First Days of School Look a lot like the Last Days

Students must still wear masks and socially distance as experts determine if and students under 12 can get vaccinated.

Yash Banerjee

Students must still wear masks and socially distance as experts determine if and students under 12 can get vaccinated.

Ever since March 2020, we have been hiding in our houses, afraid of the deadly coronavirus. Now, places are opening up. We aren’t doing Zoom lessons anymore. Instead, we are at school!

But what about the Delta variant?

“This is not how we were planning to go back to school,” said Alyssa Bilinski, a public-health researcher at Brown University in an “Atlantic “article.

“Cases dropped to an all-time national low in June, and things looked good—until Delta,” she added.

At BMS, many of the precautions from last year have stayed the same. Students are still wearing masks, they still need to social distance, and they still have lunch with just a few, four at the most, people.

Here is why the school is are required to follow many of the precautions from last year:
According to the “Atlantic,” the Delta variant was first identified in India in December 2020. From there, Delta swept rapidly through India and Great Britain before reaching the United States.

The Delta variant is a mutated form of the SARS virus, which was COVID in 2002. Delta is one of the many variants of COVID. It is “60 percent more transmissible than the first variant Alpha, ” according to Timothée Bruel, Etienne Simon-Lorière, Felix A. Rey, and Olivier Schwartz at the science journal “Nature.”

Most Delta cases occur among people who are not vaccinated, but the variant is still transmissible through fully vaccinated people.
A common question is, “Does the vaccine work on the Delta strain?” The answer is it helps, but not always.

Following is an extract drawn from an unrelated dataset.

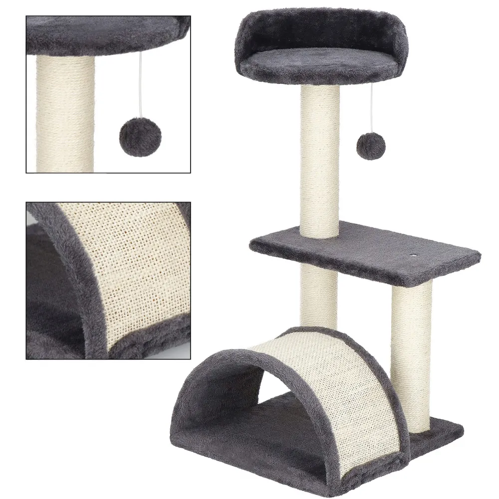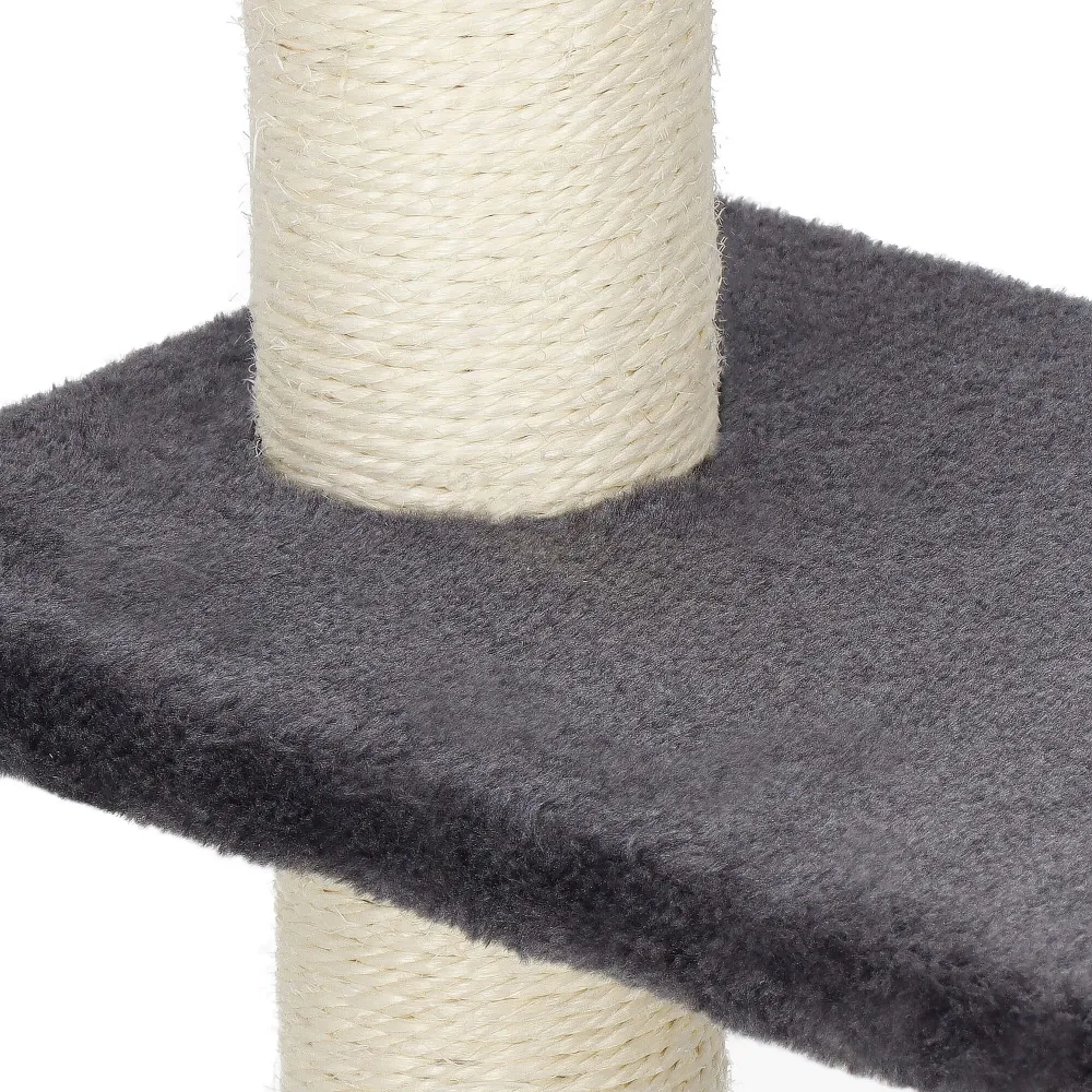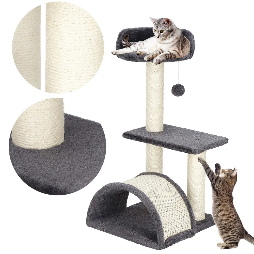 Viacúrovňové mačacie škrabadlo s tromi poschodiami, mäkkým poťahom a stabilnou konštrukciou. Obsahuje sisalové plochy na škrabanie, hračku na elastickom povrázku, tunel a odpočívadlo so zvýšeným zadkom. Ideálne na šplhanie, hru aj odpočinok.

“So I got a needle in my arm for nothing?” questions Jack McAuley, a 6th grader from the purple pod. The COVID-19 vaccine mostly prevents severe disease and death, but it can’t completely protect you from the Delta variant.

“As long as you’re going with your precautions, you should be fine,” believes Alex Benke, a 6th grader from the purple pod. Nikhil Bhadra agrees with him, but warns, “This virus is dangerous, for everybody.”

This means that it is still recommended to continue following the same COVID precautions as last year.